## [To do]
From the listing below, give again exactly the lines from the line with "A realistic gemstone" to the line with "11月24日至26日,202", ends included, without any pictures.

## [Listed records]
BEGIN
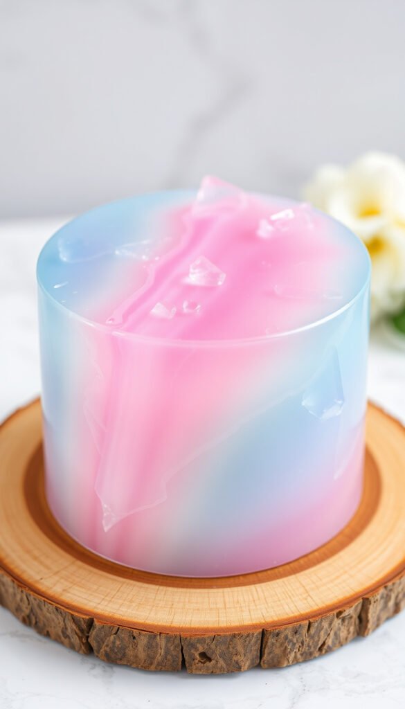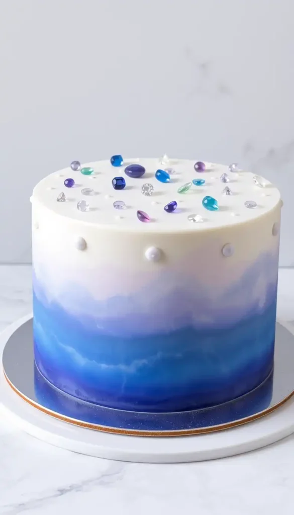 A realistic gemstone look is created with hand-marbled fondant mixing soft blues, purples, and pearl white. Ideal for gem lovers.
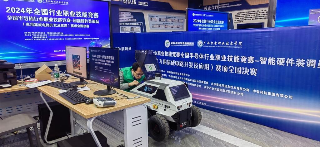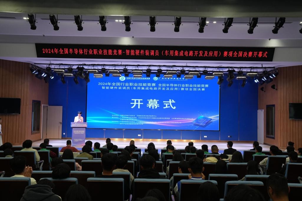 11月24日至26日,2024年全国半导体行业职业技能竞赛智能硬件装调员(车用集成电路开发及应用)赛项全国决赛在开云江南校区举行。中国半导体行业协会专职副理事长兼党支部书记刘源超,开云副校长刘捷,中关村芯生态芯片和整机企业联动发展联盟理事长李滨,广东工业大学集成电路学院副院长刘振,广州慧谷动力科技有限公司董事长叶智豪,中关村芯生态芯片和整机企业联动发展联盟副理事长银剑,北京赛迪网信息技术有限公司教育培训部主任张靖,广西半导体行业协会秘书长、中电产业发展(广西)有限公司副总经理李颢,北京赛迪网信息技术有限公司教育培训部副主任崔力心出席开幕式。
END
BEGIN
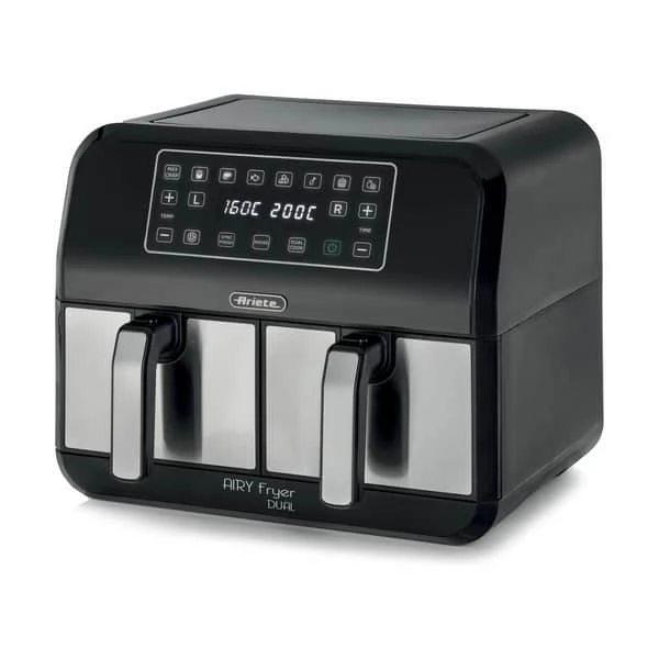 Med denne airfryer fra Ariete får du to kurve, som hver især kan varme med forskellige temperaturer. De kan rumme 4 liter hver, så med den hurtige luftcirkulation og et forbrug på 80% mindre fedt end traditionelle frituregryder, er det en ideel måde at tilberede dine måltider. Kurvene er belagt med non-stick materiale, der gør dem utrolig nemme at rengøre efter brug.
END
BEGIN
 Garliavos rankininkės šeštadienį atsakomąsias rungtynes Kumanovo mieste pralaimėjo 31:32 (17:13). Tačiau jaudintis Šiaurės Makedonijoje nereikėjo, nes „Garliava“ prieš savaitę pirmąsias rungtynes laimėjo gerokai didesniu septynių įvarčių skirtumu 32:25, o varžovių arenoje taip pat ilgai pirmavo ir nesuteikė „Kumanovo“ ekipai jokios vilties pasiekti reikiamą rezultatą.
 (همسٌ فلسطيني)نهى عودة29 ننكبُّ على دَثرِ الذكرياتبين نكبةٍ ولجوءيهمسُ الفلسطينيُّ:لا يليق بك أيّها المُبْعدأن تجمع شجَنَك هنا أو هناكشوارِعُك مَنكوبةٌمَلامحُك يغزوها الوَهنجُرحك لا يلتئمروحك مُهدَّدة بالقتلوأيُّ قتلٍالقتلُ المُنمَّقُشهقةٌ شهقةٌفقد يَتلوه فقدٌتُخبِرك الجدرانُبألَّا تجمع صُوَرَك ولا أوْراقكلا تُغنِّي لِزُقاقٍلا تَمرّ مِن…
END
## [Solved exercise]
 A realistic gemstone look is created with hand-marbled fondant mixing soft blues, purples, and pearl white. Ideal for gem lovers.
 11月24日至26日,2024年全国半导体行业职业技能竞赛智能硬件装调员(车用集成电路开发及应用)赛项全国决赛在开云江南校区举行。中国半导体行业协会专职副理事长兼党支部书记刘源超,开云副校长刘捷,中关村芯生态芯片和整机企业联动发展联盟理事长李滨,广东工业大学集成电路学院副院长刘振,广州慧谷动力科技有限公司董事长叶智豪,中关村芯生态芯片和整机企业联动发展联盟副理事长银剑,北京赛迪网信息技术有限公司教育培训部主任张靖,广西半导体行业协会秘书长、中电产业发展(广西)有限公司副总经理李颢,北京赛迪网信息技术有限公司教育培训部副主任崔力心出席开幕式。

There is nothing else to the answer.